Is aerial hoop easier than silks?
This topic has a lot of points to discuss. I found silks require a lot more strength and stamina than Aerial hoop, but hoop hurts more and leaves bruising.
What is the difference?
Fundamentally the hoop is just a large steel ring, and as long as you can hang on, all the tricks are different orientations of the body with the Lyra. Silk tricks are often a long series of precise wraps that can be difficult to remember when you begin. Forgetting something as simple as putting the silk under an arm can leave you a tangled aerial piece.
What are the benefits?
Both of these classes require building up your core strength. If you cannot support your body weight in a hanging position, it will be difficult to even get into the hoop.

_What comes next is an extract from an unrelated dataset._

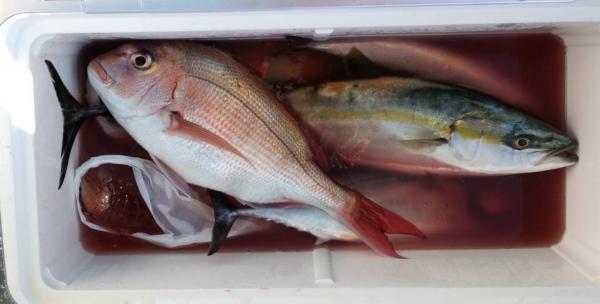 【真鯛】早朝は真鯛を求めて根っこ、漁礁など各スポットを回りました。ヒラソウダや大型サバ、イサキにイナダなどが釣れています。12時以降の潮が変わってから真鯛、3kgカンパチなどが掛かっています。

In the beginning, aerial silks will give you a slight advantage because you can essentially tie into the silks from ground level and start working on trick pathways.
What to choose to start?
Aerial silks are safer for beginners than the hoop. Both disciplines are inherently dangerous and should be treated with respect and caution, but the Lyra does not have any supporting fabric that can be used to create locks. You can perform a wrap with silks, but the hoop doesn’t have any locks. Support with hoop provides only your own holding and balance. There are definitely many tricks that help you keep yourself in the air, but with hoop, if you screw up, then there are a lot fewer opportunities to stop yourself from taking a tumble.
Are you sure?
Mostly it’s all up to you. Silks to be more useful for developing body awareness. It’s more fun to do big drops without all the scrapes and bruises of hoops. However, If you really like using your flexibility on an apparatus, I’d actually think that Lyra would have much more opportunity to do so, you’d just have to get to a higher level.
They’re both so wonderful in their own ways, so I’d give each a try if you can!